◆ Recorded information
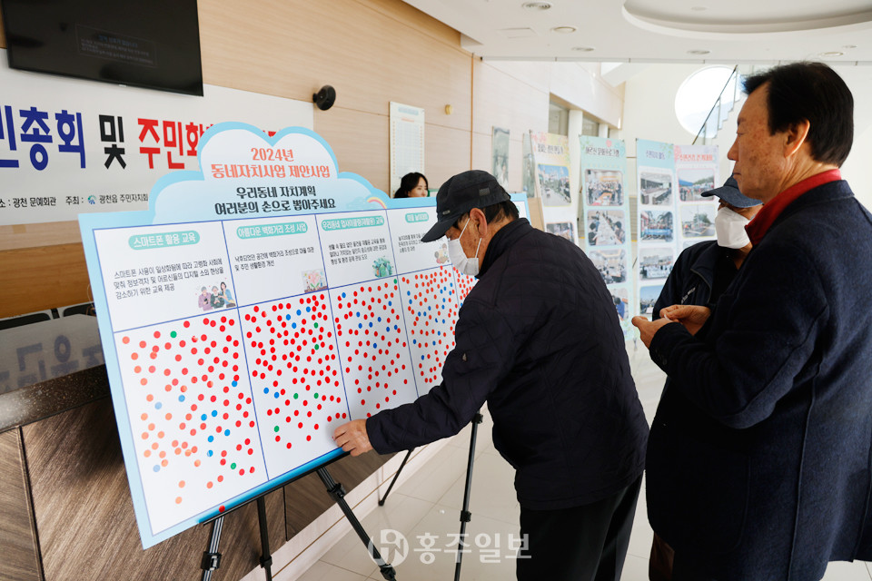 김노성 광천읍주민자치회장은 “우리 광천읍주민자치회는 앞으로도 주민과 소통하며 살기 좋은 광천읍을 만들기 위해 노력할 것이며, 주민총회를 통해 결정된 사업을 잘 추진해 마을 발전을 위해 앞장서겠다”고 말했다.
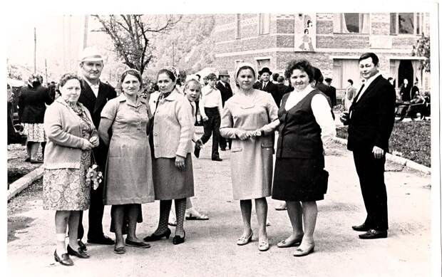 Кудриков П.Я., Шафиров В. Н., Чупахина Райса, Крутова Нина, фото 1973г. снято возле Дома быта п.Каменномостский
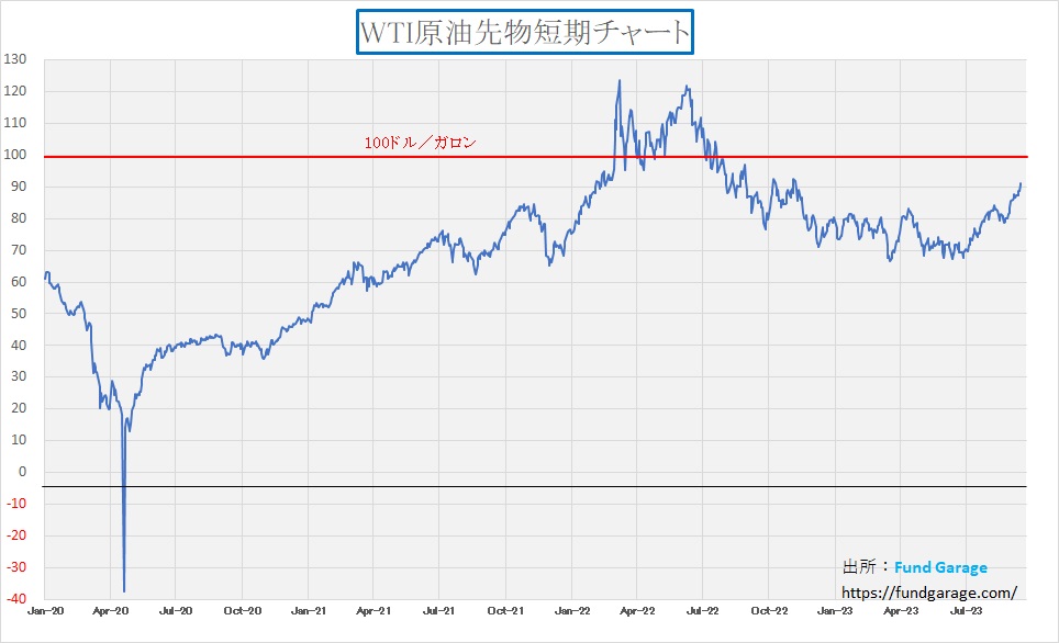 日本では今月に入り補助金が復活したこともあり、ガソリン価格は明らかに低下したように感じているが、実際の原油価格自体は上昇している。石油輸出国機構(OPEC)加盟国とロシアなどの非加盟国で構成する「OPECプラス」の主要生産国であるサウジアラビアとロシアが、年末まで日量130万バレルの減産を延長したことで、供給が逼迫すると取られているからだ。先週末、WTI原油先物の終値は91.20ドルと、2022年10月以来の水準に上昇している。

◆ Work instruction
Print the material verbatim; drop the pictures.

◆ Result of the task
 김노성 광천읍주민자치회장은 “우리 광천읍주민자치회는 앞으로도 주민과 소통하며 살기 좋은 광천읍을 만들기 위해 노력할 것이며, 주민총회를 통해 결정된 사업을 잘 추진해 마을 발전을 위해 앞장서겠다”고 말했다.
 Кудриков П.Я., Шафиров В. Н., Чупахина Райса, Крутова Нина, фото 1973г. снято возле Дома быта п.Каменномостский
 日本では今月に入り補助金が復活したこともあり、ガソリン価格は明らかに低下したように感じているが、実際の原油価格自体は上昇している。石油輸出国機構(OPEC)加盟国とロシアなどの非加盟国で構成する「OPECプラス」の主要生産国であるサウジアラビアとロシアが、年末まで日量130万バレルの減産を延長したことで、供給が逼迫すると取られているからだ。先週末、WTI原油先物の終値は91.20ドルと、2022年10月以来の水準に上昇している。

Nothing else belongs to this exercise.